The thing is, the dress was too small.

I bought it second hand, and was pretty sure it wouldn’t fit me properly, but couldn’t resist the raw silk with embroidered flowers.

Here’s the dress in (/on) its original form:

I considered having to remove the bodice and reconstructing it with extra fabric while opening out the gathers at the waist, but luckily the zip (just!) made it’s way up to the waist.

Older dresses often have a bit of extra fabric in the seams- although I’m not sure if this one is old enough to have had that.
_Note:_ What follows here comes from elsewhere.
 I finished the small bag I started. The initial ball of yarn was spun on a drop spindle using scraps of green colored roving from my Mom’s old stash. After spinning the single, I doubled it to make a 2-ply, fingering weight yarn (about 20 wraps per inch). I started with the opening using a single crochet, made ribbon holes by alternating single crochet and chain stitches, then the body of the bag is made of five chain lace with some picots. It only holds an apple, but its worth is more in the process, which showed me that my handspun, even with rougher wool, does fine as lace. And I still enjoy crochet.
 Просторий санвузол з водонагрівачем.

But in the end, the option of opening out the seams was anyway prevented by the embroidery, which would have been damaged by any unpicking attempts.

So I decided for an open back option, sewing the sides of the back down at an angle to give a gradual slope.
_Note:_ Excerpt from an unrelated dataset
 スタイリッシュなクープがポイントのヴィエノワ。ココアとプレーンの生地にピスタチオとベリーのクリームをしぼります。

I had to remove two of the bones (plastic ‘ribs’ that hold the bodice up), but managed to keep everything else intact, folding instead of cutting. Which means that my mods are all pretty much fairly un-doable.

Here are a couple more shots of the back.
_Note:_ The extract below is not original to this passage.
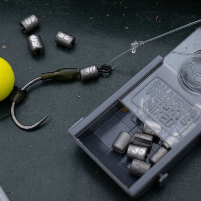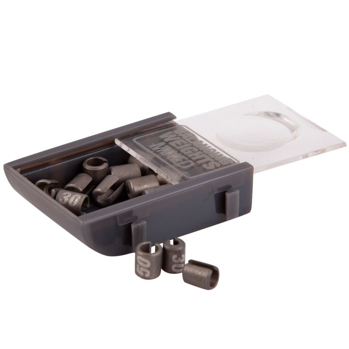 Beschikbaar in 5 gewichten (0.30g 0.50g) met elk individueel product laser geëtst met een nummer om het gewicht te identificeren d.w.z. 0.30g is gelabeld als 30. Bovendien is er een gemengde verpakking verkrijgbaar met 15 gewichten (3 van elke maat). Met de gemengde verpakking kunt u alle gewichten uitproberen tot u er een vindt die perfect is, en dan telkens dezelfde maat gebruiken voor dat specifieke haakaas.

I sewed on the ribbon so that ribbon strip has has tails poking out from the bottom of the waist, allowing a bow to be tied at the bottom of the back, which covers the zip ending and prevents unzippage. The ribbons then run along the newly-sloped back of the dress and exit out the top of the bust part, with about 1.5 spare metres of ribbon.

These ribbon parts then wrap around the neck.shoulders, cross at the back of the dress, wrap around the waist, and tie at the back with the other bow.

I think you can see how that works best from the side:

Anyway, here’s the dress in full. Don’t worry- I ironed it for the wedding day itself (these photos were taken after).

Anyway, that’s my fairly easy, minimum-sew dress edit. What do you think?

As a very-important-aside, I’m also pretty impressed by Sameer’s look, which he also pulled together also partially second hand.

The bowtie I found on a second hand app, Vinted, which was bizarrely advertised on a dog (call me a hypocrite- I’ll like anything cat-adjacent- but isn’t it weird to send a dog-furred-contaminated item? Sameer washed it and wore it anyway).

Then, on the day, we realised that he’d forgotten his coat, so we bought one from a charity shop that we were already browsing in due to my genetically predetermined inability to pass a charity shop without having a ‘just a quick look’.

All in all, he is very very very pretty. .

While we were waiting for our Uber to the wedding, a random man called out of his car that Sameer looked like James Bond. Which also, note to #allmen, is how you use any ‘desire to shout things at people as you pass them in/on a vehicle’ energy.

Anyway, massive thanks to Sameer for not only turning up beautiful, but for also kindly and enthusiastically taking thousands of these shots of me in my dress so I could pick my favourite few.

He even went through what I will call his ‘high fashion’ creative phase.